### Problem description
Every line below from the one with "水果类商品价格略有下降。所监" through the one with "Everything about this" is to be repeated exactly, with no picture among them.

### Supplied information

________________

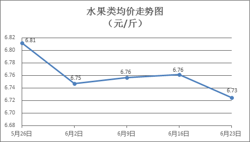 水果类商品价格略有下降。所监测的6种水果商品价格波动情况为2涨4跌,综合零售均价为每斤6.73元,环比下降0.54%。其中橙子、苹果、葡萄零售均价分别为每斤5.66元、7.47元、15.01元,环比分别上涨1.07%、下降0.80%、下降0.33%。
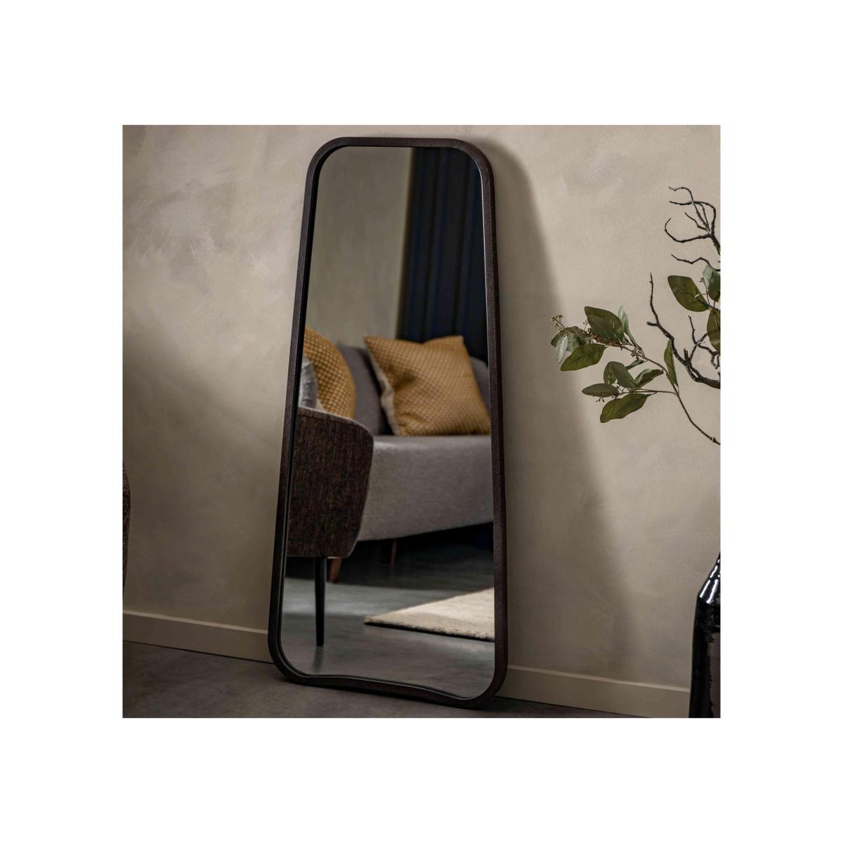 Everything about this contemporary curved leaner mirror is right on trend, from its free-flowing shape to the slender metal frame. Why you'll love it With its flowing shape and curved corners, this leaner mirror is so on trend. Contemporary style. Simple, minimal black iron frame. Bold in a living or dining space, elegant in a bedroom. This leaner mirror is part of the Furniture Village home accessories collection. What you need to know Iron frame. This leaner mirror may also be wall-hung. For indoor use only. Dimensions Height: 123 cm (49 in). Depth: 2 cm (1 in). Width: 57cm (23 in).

________________

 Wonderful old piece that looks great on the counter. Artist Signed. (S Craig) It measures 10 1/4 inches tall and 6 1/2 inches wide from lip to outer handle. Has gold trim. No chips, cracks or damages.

________________

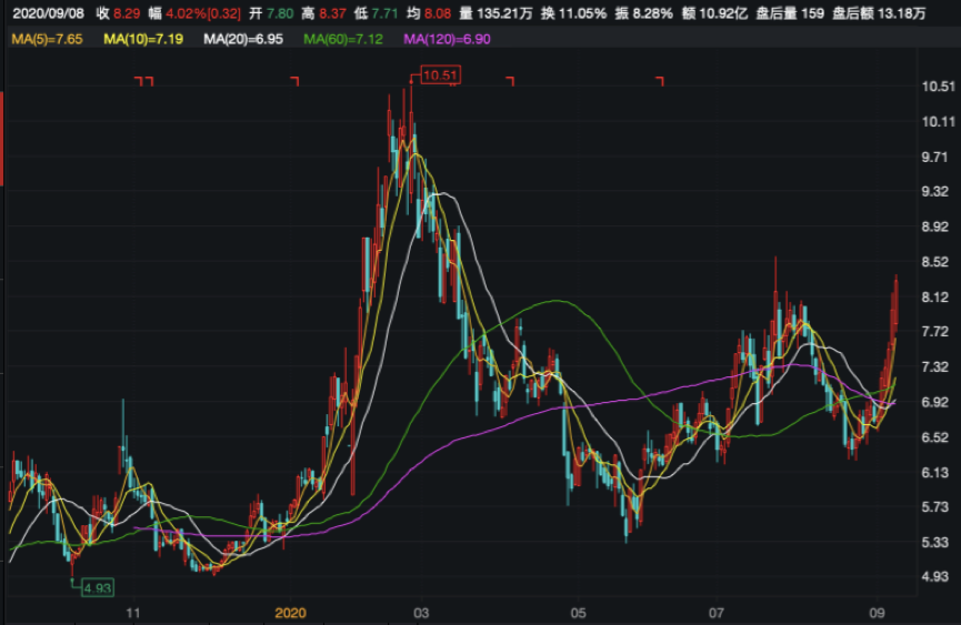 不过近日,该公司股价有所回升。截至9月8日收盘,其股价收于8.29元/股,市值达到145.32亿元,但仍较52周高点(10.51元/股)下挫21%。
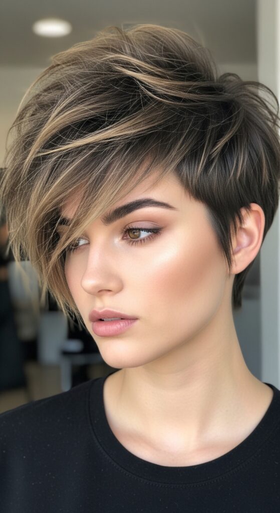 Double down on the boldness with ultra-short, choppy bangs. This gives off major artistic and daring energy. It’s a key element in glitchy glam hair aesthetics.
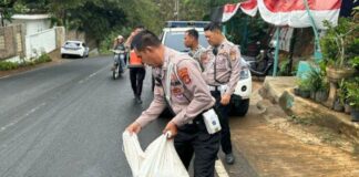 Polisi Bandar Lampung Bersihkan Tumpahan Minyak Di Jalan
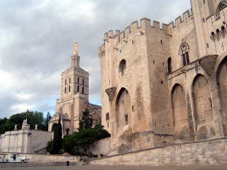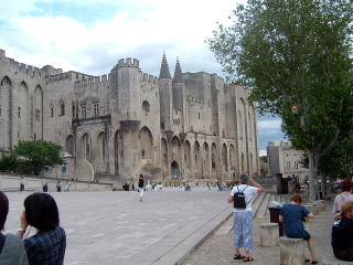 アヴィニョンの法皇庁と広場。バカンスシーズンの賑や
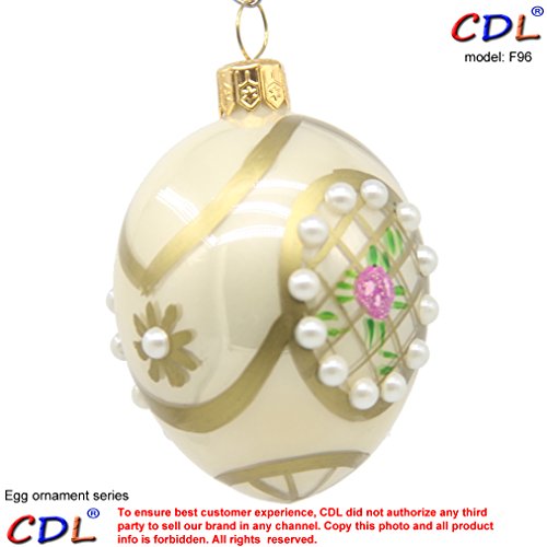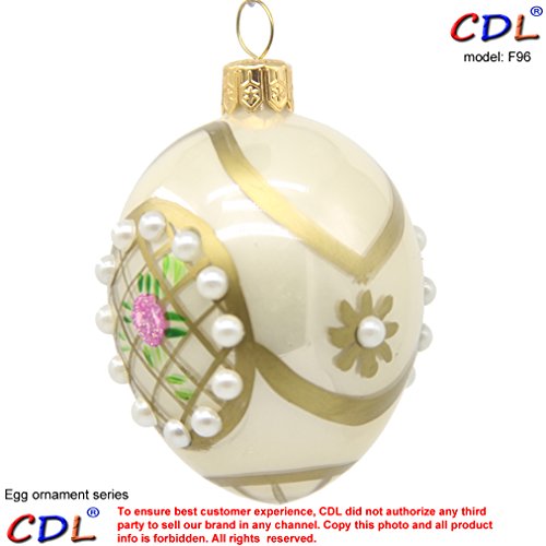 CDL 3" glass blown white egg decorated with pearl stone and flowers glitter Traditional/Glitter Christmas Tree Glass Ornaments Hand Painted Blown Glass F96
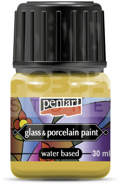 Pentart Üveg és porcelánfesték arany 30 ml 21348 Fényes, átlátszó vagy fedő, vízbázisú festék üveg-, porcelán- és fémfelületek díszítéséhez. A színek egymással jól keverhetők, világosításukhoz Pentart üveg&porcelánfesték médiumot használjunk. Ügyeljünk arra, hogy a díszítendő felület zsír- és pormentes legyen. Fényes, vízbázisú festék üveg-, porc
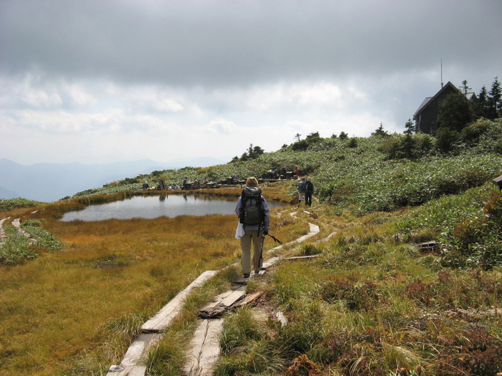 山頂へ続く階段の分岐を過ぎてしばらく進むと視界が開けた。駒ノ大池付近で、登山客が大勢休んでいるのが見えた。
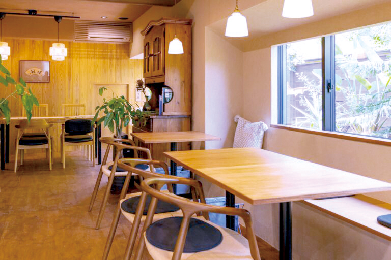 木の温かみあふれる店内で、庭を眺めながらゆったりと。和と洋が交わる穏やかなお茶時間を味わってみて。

________________

### Task result
 水果类商品价格略有下降。所监测的6种水果商品价格波动情况为2涨4跌,综合零售均价为每斤6.73元,环比下降0.54%。其中橙子、苹果、葡萄零售均价分别为每斤5.66元、7.47元、15.01元,环比分别上涨1.07%、下降0.80%、下降0.33%。
 Everything about this contemporary curved leaner mirror is right on trend, from its free-flowing shape to the slender metal frame. Why you'll love it With its flowing shape and curved corners, this leaner mirror is so on trend. Contemporary style. Simple, minimal black iron frame. Bold in a living or dining space, elegant in a bedroom. This leaner mirror is part of the Furniture Village home accessories collection. What you need to know Iron frame. This leaner mirror may also be wall-hung. For indoor use only. Dimensions Height: 123 cm (49 in). Depth: 2 cm (1 in). Width: 57cm (23 in).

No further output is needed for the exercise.